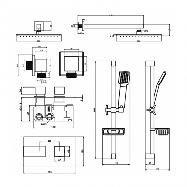 • Supplied complete with Shower valve, Adjustable Slide rail kit, Fixed Shower head and Arm
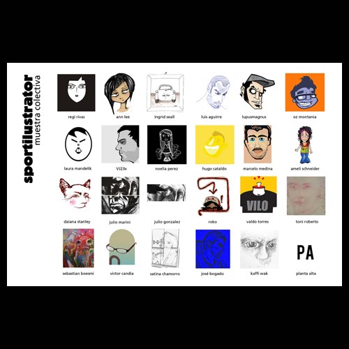 Exponen en Sportilustrator: Julio González, Satiná Chamorro, Sebastián Boesmi, Marcelo Medina, Laura Mandelik, Tony Roberto, Amelí Schneider, Luís Aguirre, Hugo Cataldo, Waldo Longo, VJ23x, Ingrid Seall, Daiana Stanley, Noelia Pérez, Kaffi Wak, Oz Montania, Ann Lee, Lupusmagnus, Víctor Candia, Rocko, José Bogado y Regina Rivas.
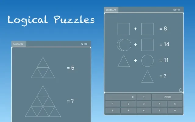 Math Riddles level up your IQ with a mix of logical puzzles. Challenge yourself with different levels of math games and stretch the limits of your mind. Brain games are prepared with an approach of an IQ test.
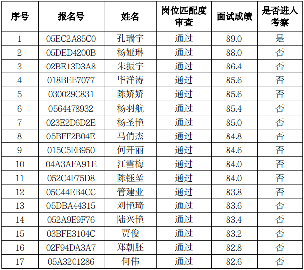根据《云南省事业单位公开招聘工作人员办法》(云人社发〔2016〕182号)、《kaiyun体育网页登录入口公开招聘1名编外实验室安全管理员的公告》等有关规定,经过网络报名、资格审核、岗位匹配度审查、技能面试考核等程序,按照招聘人数及面试成绩,等额确定1人为拟考察人员。现将有关事宜公告如下:
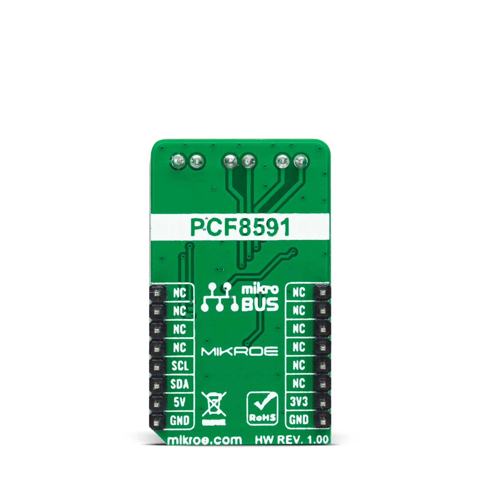 This Click board™ communicates with MCU using the standard I2C 2-Wire interface with a maximum clock frequency of 100kHz. The PCF8591 has a 7-bit peripheral address with the first four MSBs fixed to 1001. The address pins A0, A1, and A2, are programmed by the user and determine the value of the last three LSBs of the peripheral address, which can be selected by positioning onboard SMD jumpers labeled as ADDR SEL to an appropriate position marked as 0 or 1.
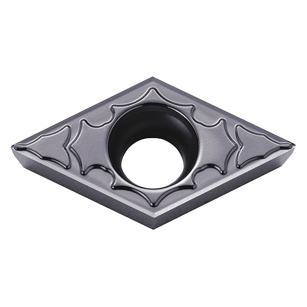 Diamond Turning Insert, Chip-Breaker Code CF, Inscribed Circle 3/8 in, Megacoat, ANSI Code DCGT32502MPCF, Clearance Angle 7 Degrees , Coating Process PVD
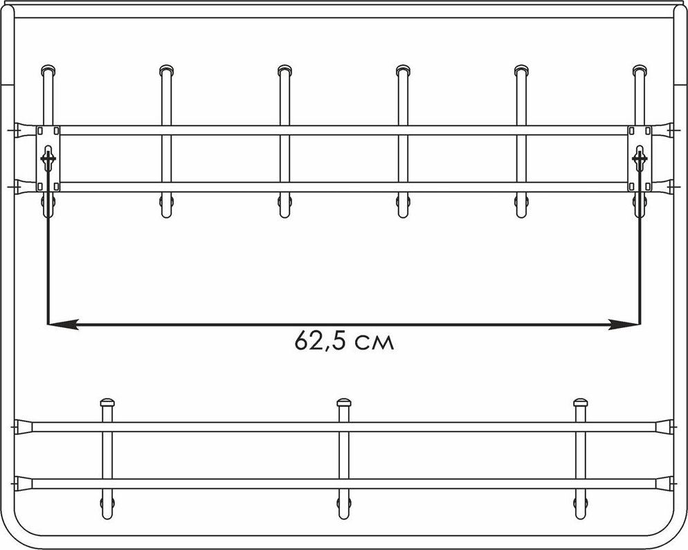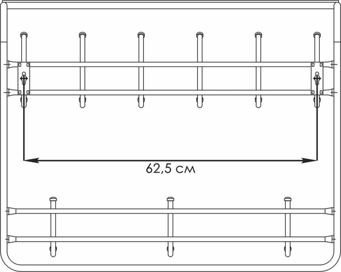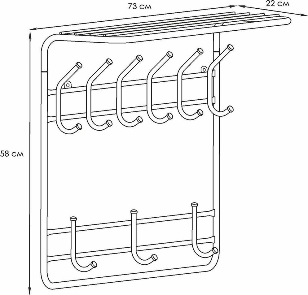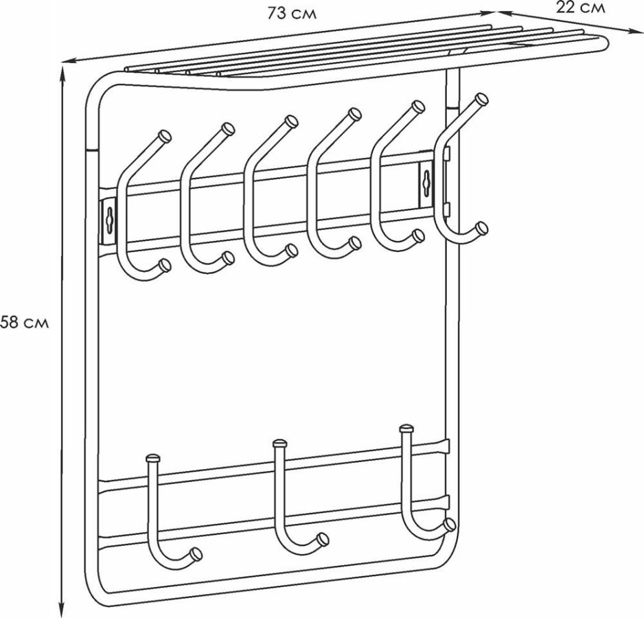 Материал — Сталь, полимерное покрытие. Индивидуальная упаковка — 755х530х100 мм. Габариты (Д*Ш*В) — 73х58х22 см. Максимальная нагрузка, кг — до 5 кг на крючок.
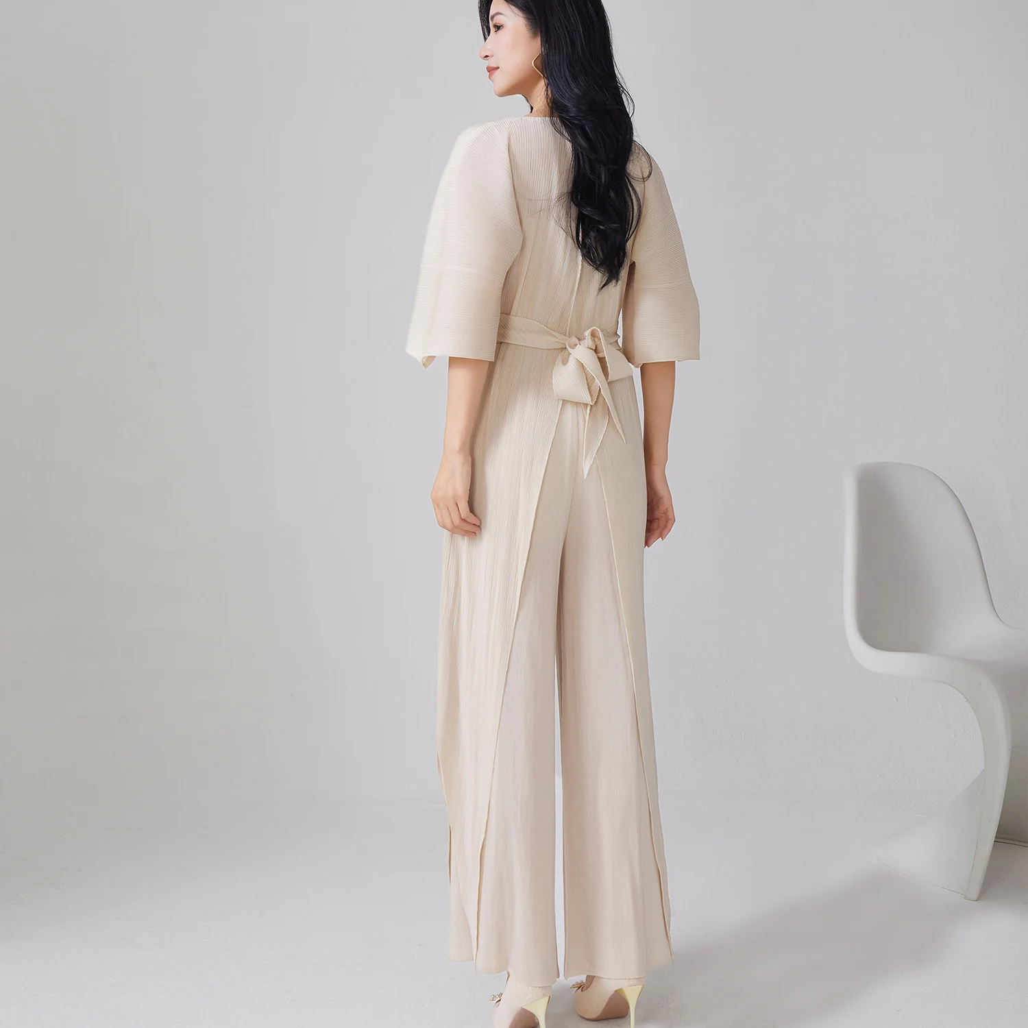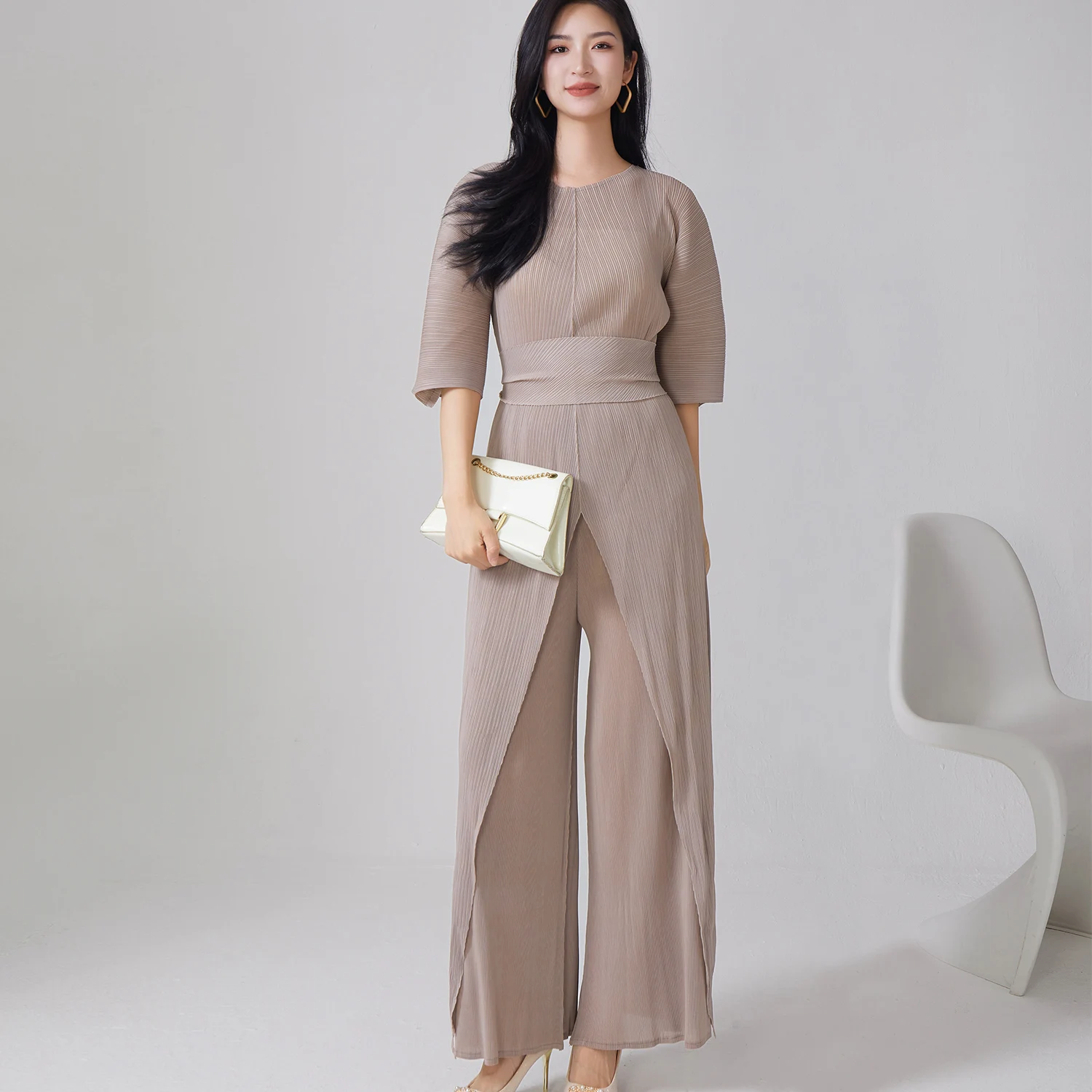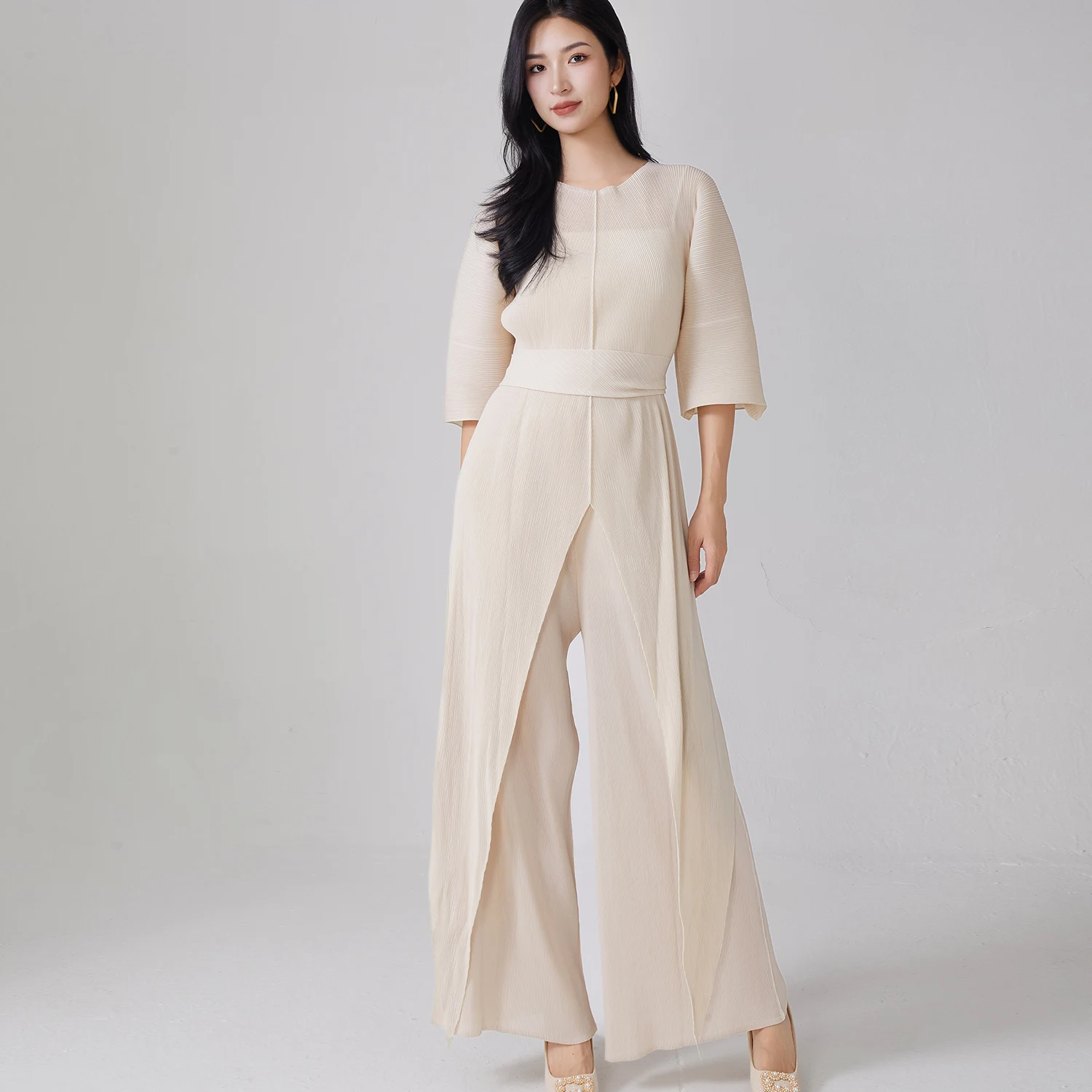 Women's Miyake Pleated Two-Piece Jumpsuit Set - Irregular Elegant Wide Leg Jumpsuit with Waist Belt for Office & Party Wear
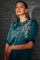 Teal Dhoti Jumpsuit With Floral Embroidery
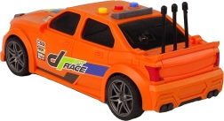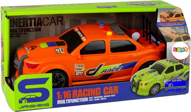 To stylowe auto wyścigowe w skali 1:16 zapewnia dzieciom radość z jazdy i atrakcyjne efekty. Po naciśnięciu przycisków słychać dźwięk rozruchu silnika oraz melodie, którym towarzyszą światła potęgujące atmosferę wyścigu. Dzięki napędowi frykcyjnemu wystarczy popchnąć autko, a ruszy płynnie do przodu.
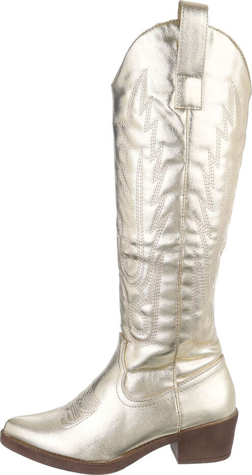 Ital-Design Damen Cowboyboots Western Westernstiefel Blockabsatz Western- & Bikerstiefel in Gold (gold)
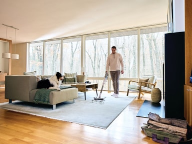 En självrengörande borstvals tar bort hår medan du städar och förhindrar trassel från långt, kort eller djurhår, perfekt för djurägare.
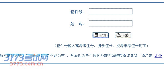 输入信息后提示"证件号和姓名不能为空",其原因为考生通过外部网站链接查询导致。请点击 此处 通过学校网站进入查询.
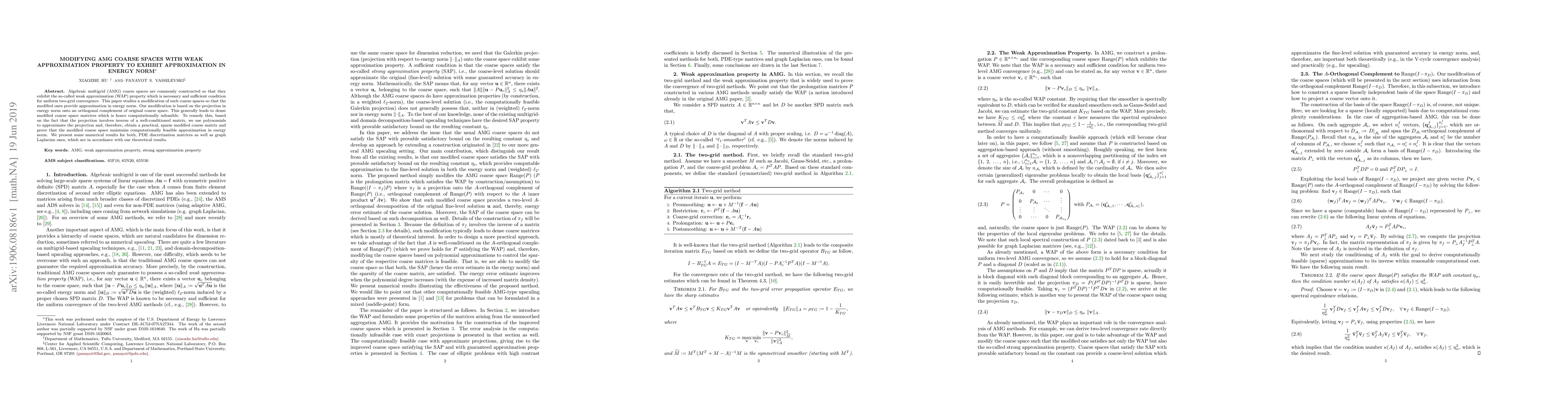 Algebraic multigrid (AMG) coarse spaces are commonly constructed so that they exhibit the so-called weak approximation (WAP) property which is necessary and sufficient condition for uniform two-grid convergence. This paper studies a modification of such coarse spaces so that the modified ones provide approximation in energy norm. Our modification is based on the projection in energy norm onto an orthogonal complement of original coarse space. This generally leads to dense modified coarse space matrices which is hence computationally infeasible. To remedy this, based on the fact that the projection involves inverse of a well-conditioned matrix, we use polynomials to approximate the projection and, therefore, obtain a practical, sparse modified coarse matrix and prove that the modified coarse space maintains computationally feasible approximation in energy norm. We present some numerical results for both, PDE discretization matrices as well as graph Laplacian ones, which are in accordance with our theoretical results.
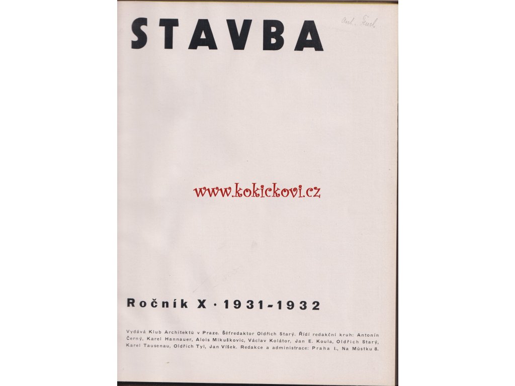 Stavba, měsíčník nové architektury, ročník X, 1931–1932. Formát 4to. 192 stran. Svázáno bez obálek s ozdobnými předsádkami. Vlastnil český funkcionalistický architekt Ferdinand Fencl (jeho jméno je uvedeno na titulní straně). Velmi dobrý stav, čisté, nepopsané stránky.

++++++++++++++++++++

# Required work
Exercise for the records above: copy only the lines from the one with "Exponen en Sportilustrator: Julio" to the one with "En självrengörande borstvals", both ends kept, and drop the pictures.

# Written response
 Exponen en Sportilustrator: Julio González, Satiná Chamorro, Sebastián Boesmi, Marcelo Medina, Laura Mandelik, Tony Roberto, Amelí Schneider, Luís Aguirre, Hugo Cataldo, Waldo Longo, VJ23x, Ingrid Seall, Daiana Stanley, Noelia Pérez, Kaffi Wak, Oz Montania, Ann Lee, Lupusmagnus, Víctor Candia, Rocko, José Bogado y Regina Rivas.
 Math Riddles level up your IQ with a mix of logical puzzles. Challenge yourself with different levels of math games and stretch the limits of your mind. Brain games are prepared with an approach of an IQ test.
根据《云南省事业单位公开招聘工作人员办法》(云人社发〔2016〕182号)、《kaiyun体育网页登录入口公开招聘1名编外实验室安全管理员的公告》等有关规定,经过网络报名、资格审核、岗位匹配度审查、技能面试考核等程序,按照招聘人数及面试成绩,等额确定1人为拟考察人员。现将有关事宜公告如下:
 This Click board™ communicates with MCU using the standard I2C 2-Wire interface with a maximum clock frequency of 100kHz. The PCF8591 has a 7-bit peripheral address with the first four MSBs fixed to 1001. The address pins A0, A1, and A2, are programmed by the user and determine the value of the last three LSBs of the peripheral address, which can be selected by positioning onboard SMD jumpers labeled as ADDR SEL to an appropriate position marked as 0 or 1.
 Diamond Turning Insert, Chip-Breaker Code CF, Inscribed Circle 3/8 in, Megacoat, ANSI Code DCGT32502MPCF, Clearance Angle 7 Degrees , Coating Process PVD
 Материал — Сталь, полимерное покрытие. Индивидуальная упаковка — 755х530х100 мм. Габариты (Д*Ш*В) — 73х58х22 см. Максимальная нагрузка, кг — до 5 кг на крючок.
 Women's Miyake Pleated Two-Piece Jumpsuit Set - Irregular Elegant Wide Leg Jumpsuit with Waist Belt for Office & Party Wear
 Teal Dhoti Jumpsuit With Floral Embroidery
 To stylowe auto wyścigowe w skali 1:16 zapewnia dzieciom radość z jazdy i atrakcyjne efekty. Po naciśnięciu przycisków słychać dźwięk rozruchu silnika oraz melodie, którym towarzyszą światła potęgujące atmosferę wyścigu. Dzięki napędowi frykcyjnemu wystarczy popchnąć autko, a ruszy płynnie do przodu.
 Ital-Design Damen Cowboyboots Western Westernstiefel Blockabsatz Western- & Bikerstiefel in Gold (gold)
 En självrengörande borstvals tar bort hår medan du städar och förhindrar trassel från långt, kort eller djurhår, perfekt för djurägare.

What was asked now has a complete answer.